• **Task statement**: Below, some lines carry pictures; leave those pictures out and retype exactly the lines from the one with "Die folgende Abbildung" through the one with "Foglia di Rosmarino, di Salvia, di Malva".

== Stored data ==

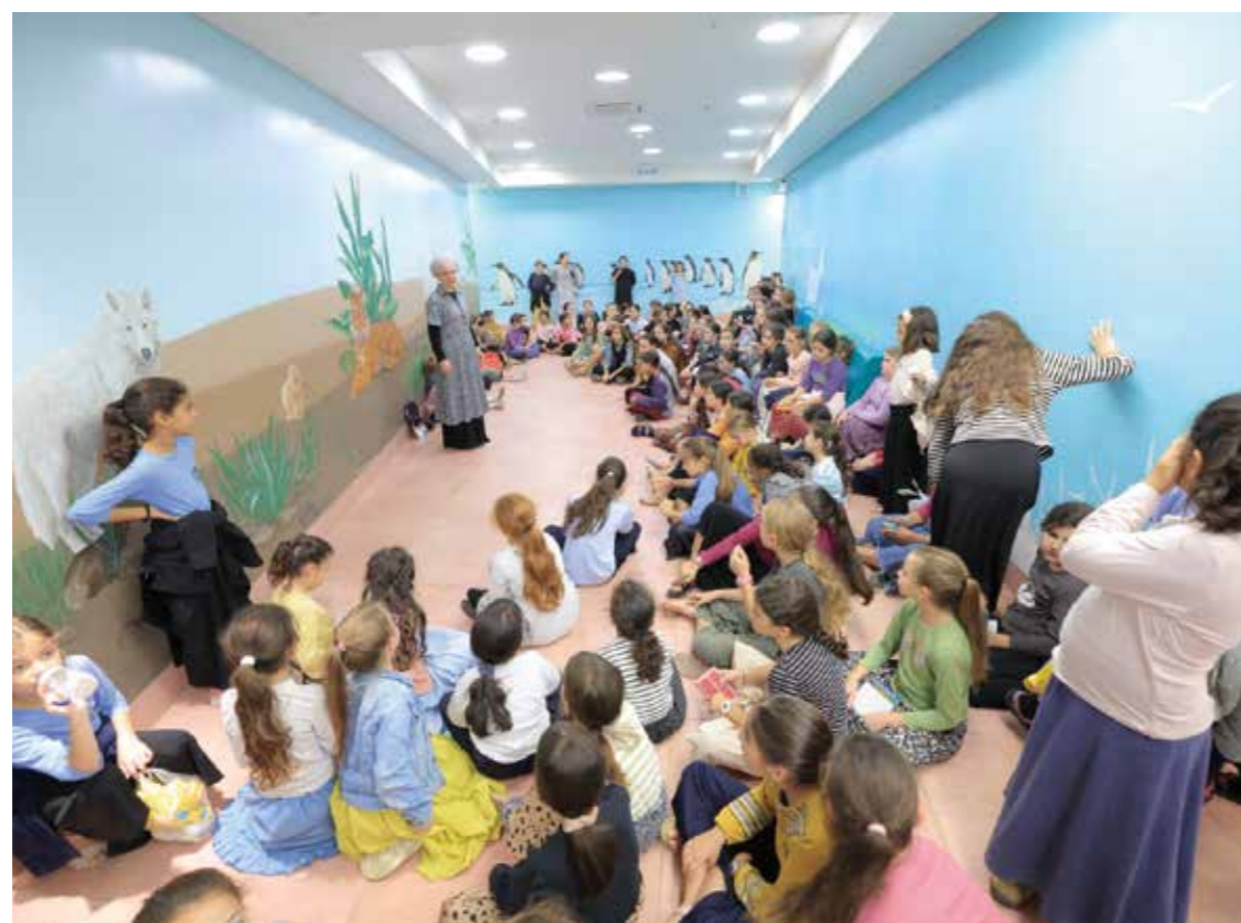
Shalva bedrev skolverksamhet på förmiddagarna för hundratals barn som evakuerats, i de lokaler som på eftermiddagarna används för den ordinarie verksamheten.

Under samma första vecka efter massakern ringde Jerusalems borgmästare till Shalva och berättade att det hade anlänt tusentals
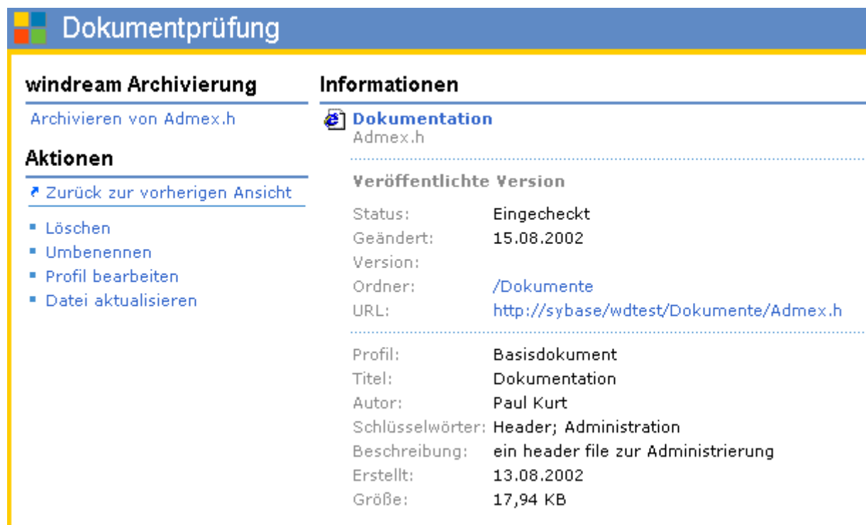
Abb.: Ansicht der Informationen zu einem windream-Dokument im SharePoint Portal Server

Die folgende Abbildung illustriert die Anzeige eines windream-Dokuments im Microsoft SharePoint Portal Server:
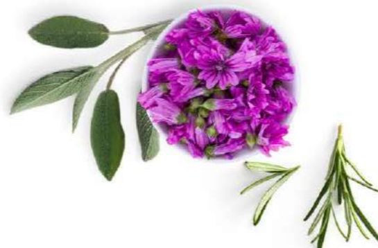
Foglia di Rosmarino, di Salvia, di Malva

Gli oli vegetali hanno una importante funzione estetica, sensoriale e nutritiva. Non solo aiutano a mantenere i capelli morbidi e luminosi, sono altresì portatori di acidi grassi essenziali, in assoluto i rigeneranti cellulari più efficaci nel contrastare l'azione degenerativa dei radicali liberi. Sono oli ricavati dalla spremitura di frutti e semi a freddo secondo procedimenti naturali e derivano da risorse non esauribili, seguendo un processo di raccolta e produzione ecosostenibile.
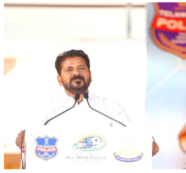
ఒకప్పుడు పుట్ బాల్ కు హైదరాబాద్ సెంటర్ గా ఉండేదన్నార సీఎం రేవంత్ రెడ్డి. 1950 నుంచి 1970 మధ్య కాలంలో హైదరాబాద్ పోలీస్ టీమ్ ఏకంగా 16 మెడల్స్ సాధించిందని ఆయన కొనియాడారు. దేశానికి ఎంతో మంది అగ్రశ్రేణి స్టేయర్లను అందించిన ఘనత మన నగరానిదేనని స్పష్టం చేశారు. హైదరాబాద్ వేదికగా జరిగిన ఆలిండియా పోలీస్ పుట్ బాల్ పోటీలు ముగిశాయి.

జూరాల ప్రాజెక్టు మరమ్మత్తులు యుద్ధ ప్రాతిపదికన పూర్తిచేయాలని మంత్రి ఆదేశించారు. ప్రస్తుతం ప్రాజెక్టులో 1.66 డీఎంసీల నీరు నిల్వ ఉండగా, నారాయణపూర్ నుంచి పునరుత్పత్తి నీటిగా 0.5 డీఎంసీలు చేరే అవకాశం ఉన్నదని అధికారులు తెలిపారు. ప్రవాహాలు అలస్యమైతే 0.5 డీఎంసీల లోటు ఎర్పడే అవకాశం ఉన్నదని చెప్పారు.
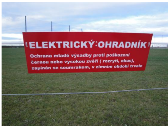
Obrázek č. 5: Elektrický ohradník golfového areálu

===

• **Exercise response**:
Die folgende Abbildung illustriert die Anzeige eines windream-Dokuments im Microsoft SharePoint Portal Server:
Foglia di Rosmarino, di Salvia, di Malva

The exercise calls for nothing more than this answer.